▶ _EXERCISE_
Write out the full set of records exactly. Any pictures in them do not belong in the copy.

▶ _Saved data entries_
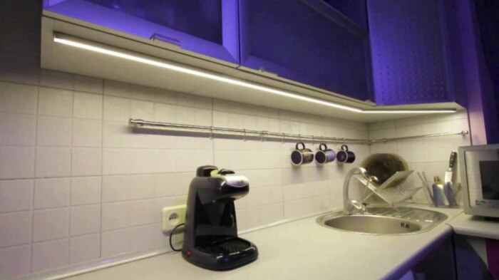 Чаще всего светодиодную полосу подсветки на кухне размещают на нижней части верхних ящиков. Однако не всегда это выполняется правильно. Чтобы обеспечить хорошую видимость для готовки, следует размещать подсветку в центре нижней части шкафов или на том крае, который дальше от стены. Однако современные строители и продавцы кухонных стенок упорно продолжают предлагать варианты, в которых подсветка располагается прямо под стеной.
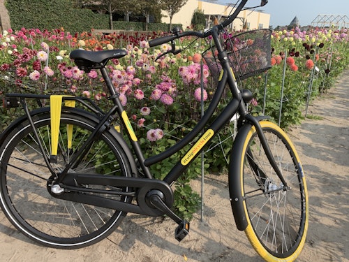 Explore the pastoral beauty of the Netherlands in the most Dutch way possible – on a bike, of course! * During this 2.5-hour trip, you'll cycle alongside the vast Dahlia fields, past the charming Keukenhof Castle, the 14th-century Huys Dever building, and the beautiful center of Lisse. Your experienced local guide will fill you in on the amazing history of Keukenhof Castle and other points of interest as you go. * During the bike tour, there's a break of about 20-25 minutes at De Tulperij, a unique location where you can enjoy stunning views over the endless flower fields. Stop to smell the flowers in the flower greenhouse, have a drink, and buy delicious, fresh Dutch syrup waffles or some souvenirs to take home.
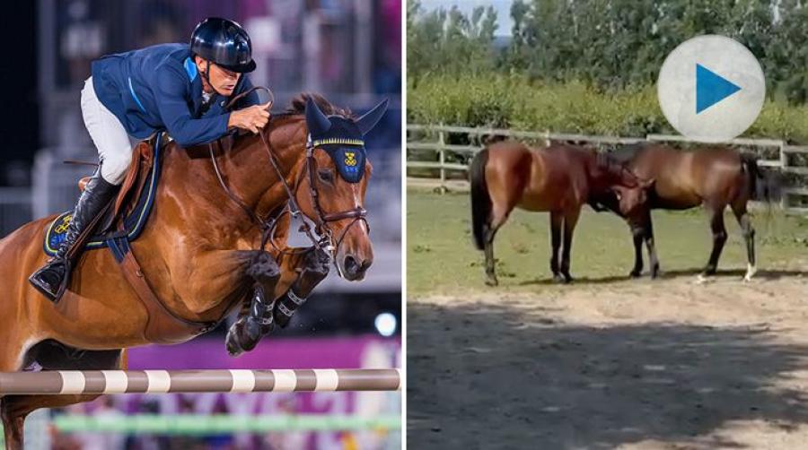 Borta bra men hemma bäst! Efter att ha hoppat hem ett OS-silver och ett OS-guld med Peder Fredricson i Tokyo, är All In hemma i hagen på Grevlunda igen. Nog ser han ut att njuta av att vara återförenad med sin hagkompis Flecu?
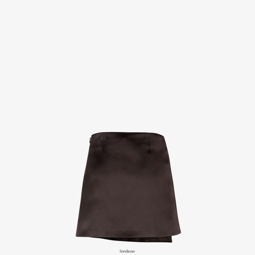 تنورة دوقة الساتان بني Fendi نحيف ثياب TNL80L935
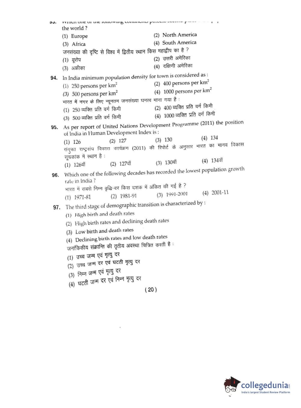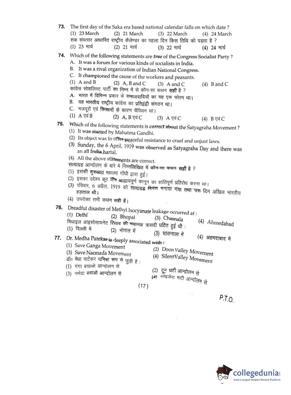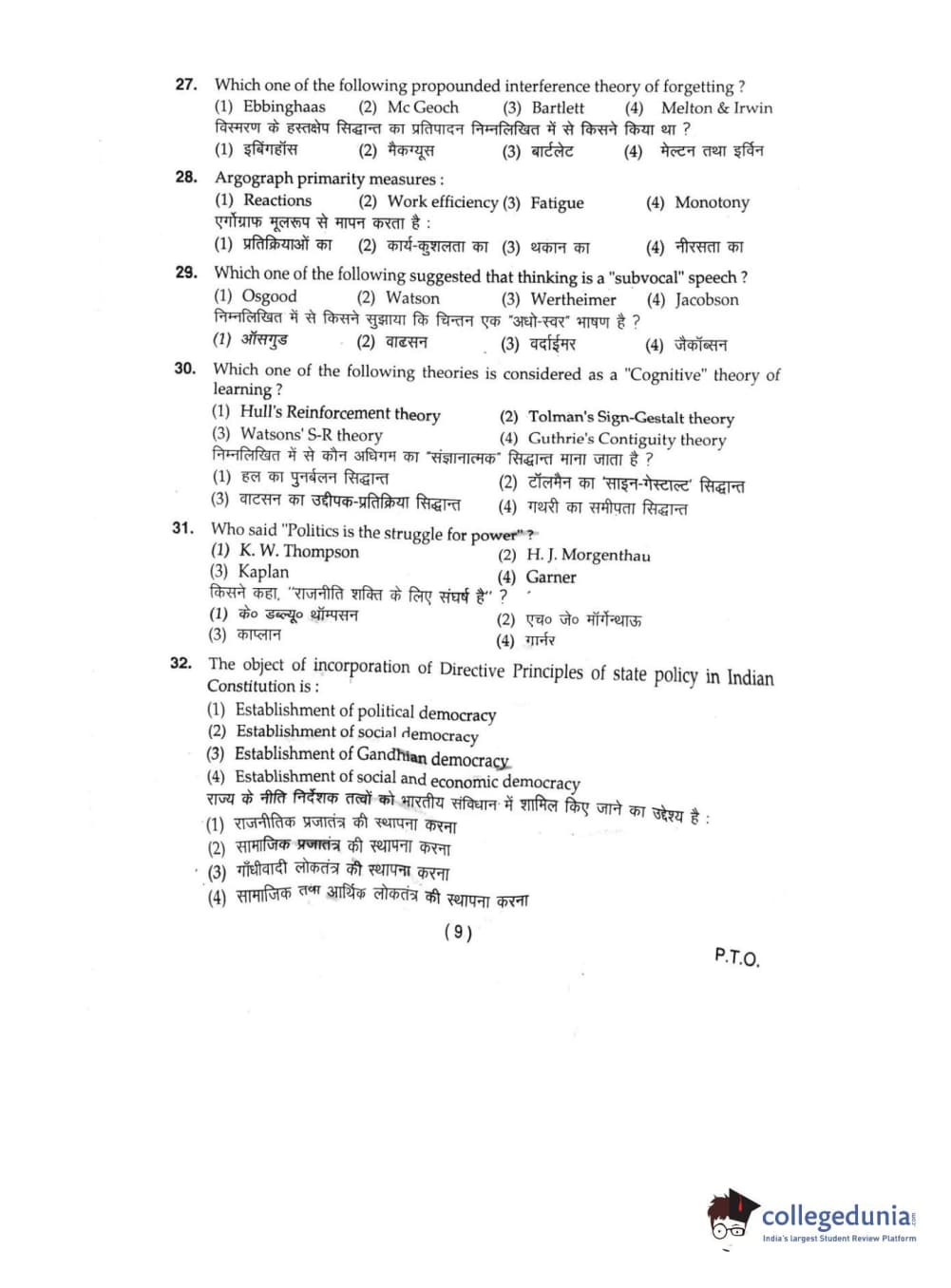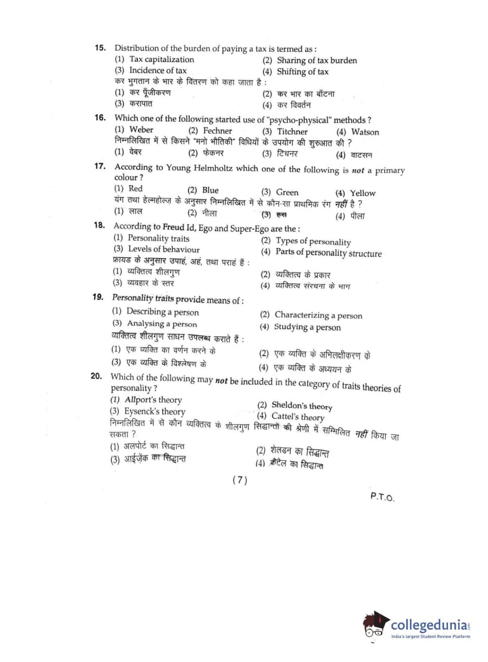 BHU UET 2016 B.A. SOCIAL Question Paper with Answer Key PDFs
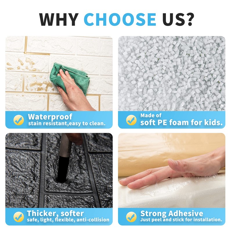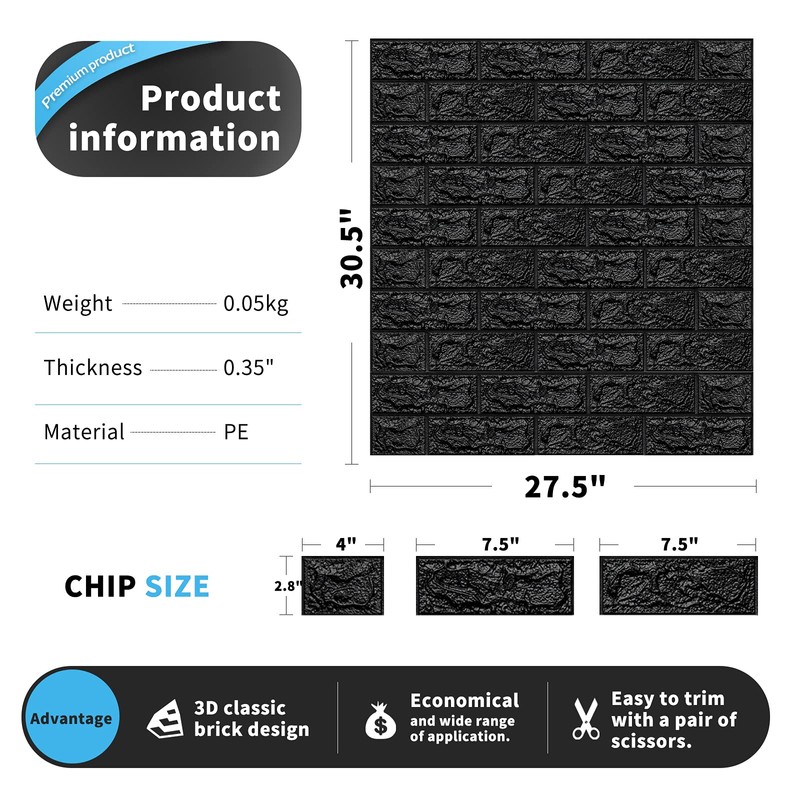 - Extra large size faux brick PE foam wall tile, easy DIY, just peel and stick on wall
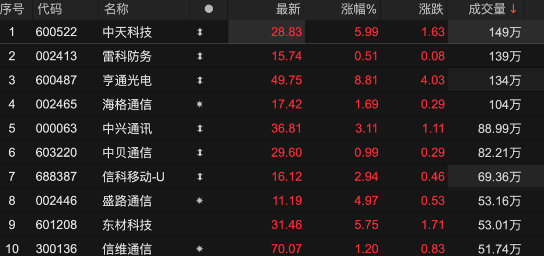 6G概念板块活跃,板块指数一度涨超3%,中天科技、雷科防务、亨通光电等多只个股涨幅靠前。资金聚焦于光通信、芯片、测试与空天地一体化等6G产业发展核心方向。
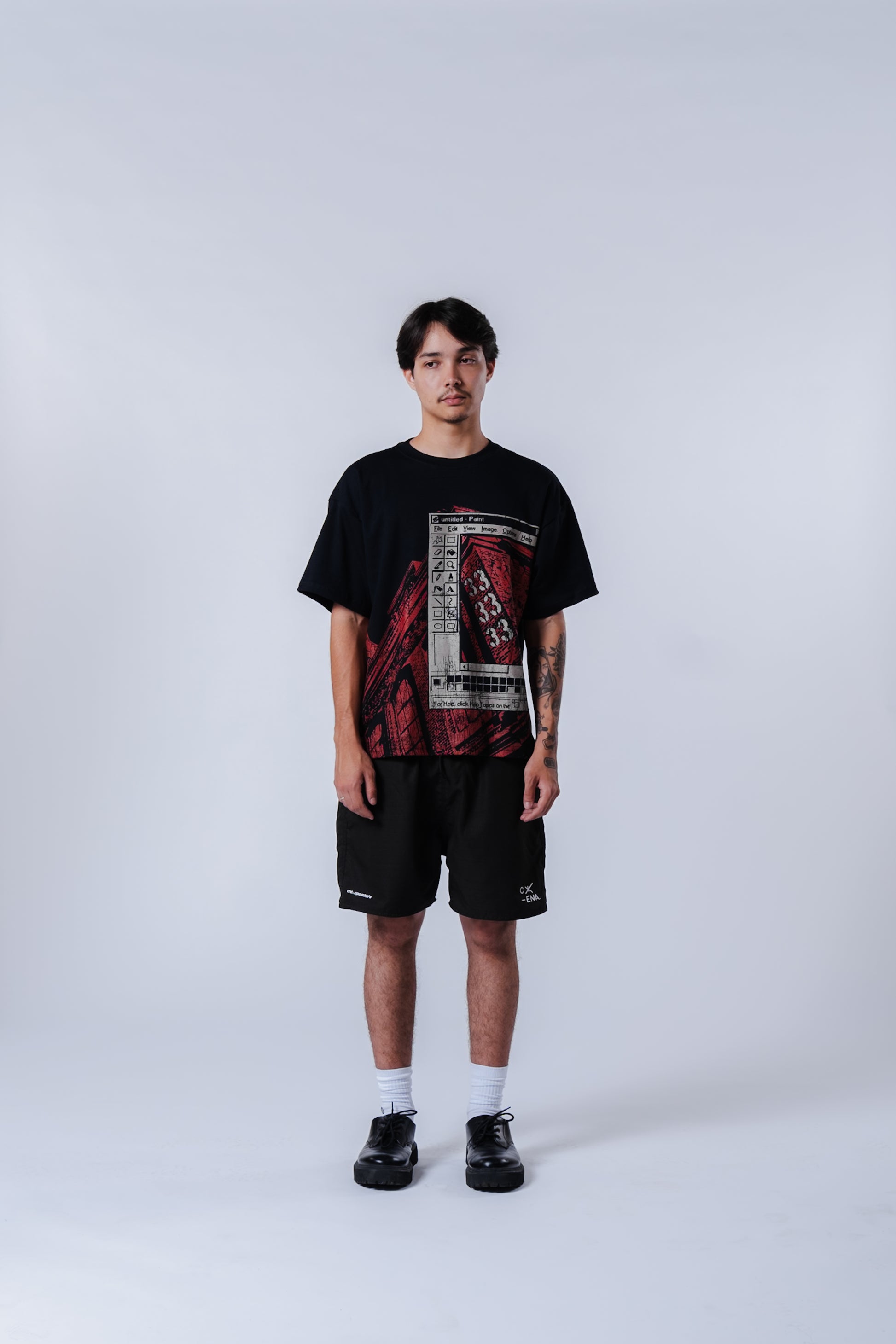 A camiseta Factory Paint Black Tee é confeccionada em Suedine preto, um tecido nobre, de textura aveludada e toque macio, com experiência de uso confortável e caimento estruturado.
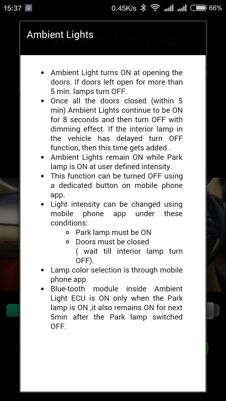 El módulo de dientes azules dentro de la ECU ambiental está encendida solo cuando la lámpara del parque está encendida, también permanece encendida para los próximos 5 minutos después de que la lámpara del parque se apagó
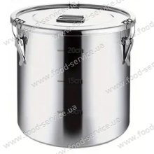 Контейнер призначений для транспортування харчових продуктів (супи, бульйони, каші, компоти і т.п.). Застосовується для виїзної торгівлі, кейтерингу, для організації фуршетів на відкритому повітрі, ярмарок. Кришка має спеціальний ущільнювач і завдяки міцним затискачам щільно прилягає до ємності. Така конструкція гарантує, що продукт не проллється під час перевезення. Даний контейнер не є термосом, а служить тільки для транспортування їжі.   ОСОБЛИВОСТІ: корпус - нержавіюча сталь; кришка щільно закривається на три затискачі; зручна ручка на кришці для перенесення; одинарне дно. ...
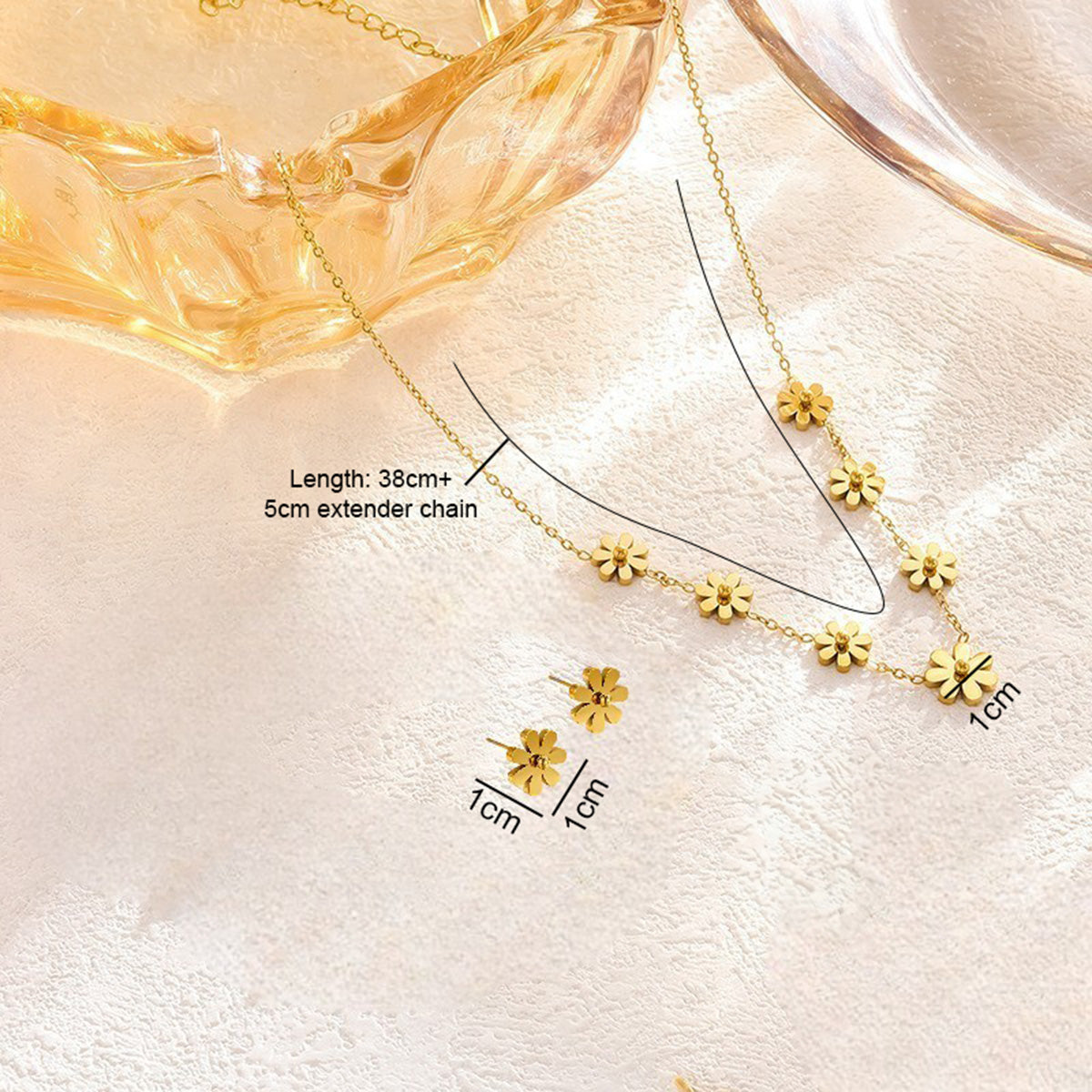 - Length of Necklace: 40cm + 4.5cm extender chain, Length of earring:1 cm, width: 1cm
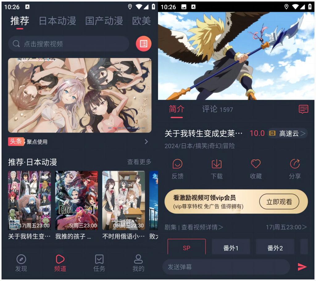 CliCli动漫是一款看动漫的神器,支持国漫和日漫,画质高清播放流畅,无需登录。漫源清晰不卡顿,是非常好的追番软件
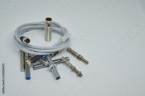 Many Inductive proximity sensor or proximity switch on a white background.
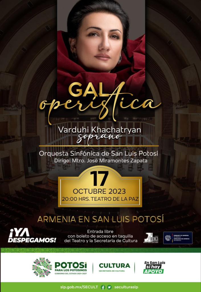 Para seguir estrechando lazos de intercambio cultural entre San Luis Potosí y el país de Armenia, el Gobierno de San Luis Potosí, a través de la Secretaría de Cultura (Secult), presentará este 17 de octubre de 2023, a las 20:00 horas, la espectacular Gala Operística Armenia en San Luis Potosí con la presentación de la mundialmente conocida soprano Varduhi Khachatryan.

▶ _EXERCISE OUTPUT_
 Чаще всего светодиодную полосу подсветки на кухне размещают на нижней части верхних ящиков. Однако не всегда это выполняется правильно. Чтобы обеспечить хорошую видимость для готовки, следует размещать подсветку в центре нижней части шкафов или на том крае, который дальше от стены. Однако современные строители и продавцы кухонных стенок упорно продолжают предлагать варианты, в которых подсветка располагается прямо под стеной.
 Explore the pastoral beauty of the Netherlands in the most Dutch way possible – on a bike, of course! * During this 2.5-hour trip, you'll cycle alongside the vast Dahlia fields, past the charming Keukenhof Castle, the 14th-century Huys Dever building, and the beautiful center of Lisse. Your experienced local guide will fill you in on the amazing history of Keukenhof Castle and other points of interest as you go. * During the bike tour, there's a break of about 20-25 minutes at De Tulperij, a unique location where you can enjoy stunning views over the endless flower fields. Stop to smell the flowers in the flower greenhouse, have a drink, and buy delicious, fresh Dutch syrup waffles or some souvenirs to take home.
 Borta bra men hemma bäst! Efter att ha hoppat hem ett OS-silver och ett OS-guld med Peder Fredricson i Tokyo, är All In hemma i hagen på Grevlunda igen. Nog ser han ut att njuta av att vara återförenad med sin hagkompis Flecu?
 تنورة دوقة الساتان بني Fendi نحيف ثياب TNL80L935
 BHU UET 2016 B.A. SOCIAL Question Paper with Answer Key PDFs
 - Extra large size faux brick PE foam wall tile, easy DIY, just peel and stick on wall
 6G概念板块活跃,板块指数一度涨超3%,中天科技、雷科防务、亨通光电等多只个股涨幅靠前。资金聚焦于光通信、芯片、测试与空天地一体化等6G产业发展核心方向。
 A camiseta Factory Paint Black Tee é confeccionada em Suedine preto, um tecido nobre, de textura aveludada e toque macio, com experiência de uso confortável e caimento estruturado.
 El módulo de dientes azules dentro de la ECU ambiental está encendida solo cuando la lámpara del parque está encendida, también permanece encendida para los próximos 5 minutos después de que la lámpara del parque se apagó
 Контейнер призначений для транспортування харчових продуктів (супи, бульйони, каші, компоти і т.п.). Застосовується для виїзної торгівлі, кейтерингу, для організації фуршетів на відкритому повітрі, ярмарок. Кришка має спеціальний ущільнювач і завдяки міцним затискачам щільно прилягає до ємності. Така конструкція гарантує, що продукт не проллється під час перевезення. Даний контейнер не є термосом, а служить тільки для транспортування їжі.   ОСОБЛИВОСТІ: корпус - нержавіюча сталь; кришка щільно закривається на три затискачі; зручна ручка на кришці для перенесення; одинарне дно. ...
 - Length of Necklace: 40cm + 4.5cm extender chain, Length of earring:1 cm, width: 1cm
 CliCli动漫是一款看动漫的神器,支持国漫和日漫,画质高清播放流畅,无需登录。漫源清晰不卡顿,是非常好的追番软件
 Many Inductive proximity sensor or proximity switch on a white background.
 Para seguir estrechando lazos de intercambio cultural entre San Luis Potosí y el país de Armenia, el Gobierno de San Luis Potosí, a través de la Secretaría de Cultura (Secult), presentará este 17 de octubre de 2023, a las 20:00 horas, la espectacular Gala Operística Armenia en San Luis Potosí con la presentación de la mundialmente conocida soprano Varduhi Khachatryan.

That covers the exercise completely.